■ **Directions**
Leave the pictures out. Return the rest of the listing below exactly.

■ **Given data**

- - - -

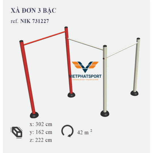 Thiết bị xà đơn 3 bậc NIK731327 là lựa chọn lý tưởng cho các trường học, khu dân cư, công viên và các khu vui chơi trẻ em. Được phân phối bởi Công ty Cổ phần Thể thao Việt Phát, sản phẩm này không chỉ đáp ứng nhu cầu vận động, rèn luyện sức khỏe mà còn đảm bảo an toàn tuyệt đối cho người sử dụng.
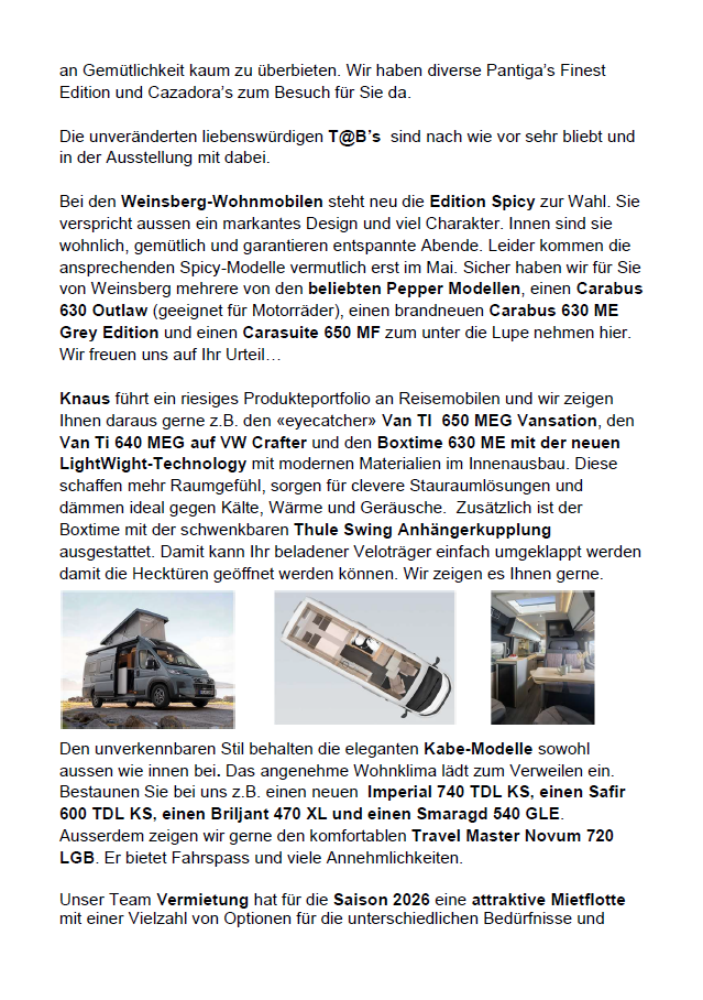 Das ganze Jahr präsentieren wir Ihnen knapp 100 Fahrzeuge in unserer grossen Ausstellung und eine breite Palette mit neuen Reisemobilen und Wohnwagen. Gerne zeigen wir Ihnen die verschiedensten Grundrissvarianten und beraten Sie umfassend, damit Sie das passende Fahrzeug wählen.
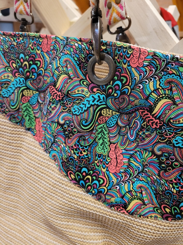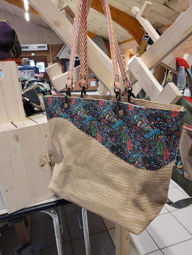 Original par sa matière : mélange de toile tricotée très solide (détournement d'une toile d'ombrage !) de simili coloré !

- - - -

■ **Response below**
 Thiết bị xà đơn 3 bậc NIK731327 là lựa chọn lý tưởng cho các trường học, khu dân cư, công viên và các khu vui chơi trẻ em. Được phân phối bởi Công ty Cổ phần Thể thao Việt Phát, sản phẩm này không chỉ đáp ứng nhu cầu vận động, rèn luyện sức khỏe mà còn đảm bảo an toàn tuyệt đối cho người sử dụng.
 Das ganze Jahr präsentieren wir Ihnen knapp 100 Fahrzeuge in unserer grossen Ausstellung und eine breite Palette mit neuen Reisemobilen und Wohnwagen. Gerne zeigen wir Ihnen die verschiedensten Grundrissvarianten und beraten Sie umfassend, damit Sie das passende Fahrzeug wählen.
 Original par sa matière : mélange de toile tricotée très solide (détournement d'une toile d'ombrage !) de simili coloré !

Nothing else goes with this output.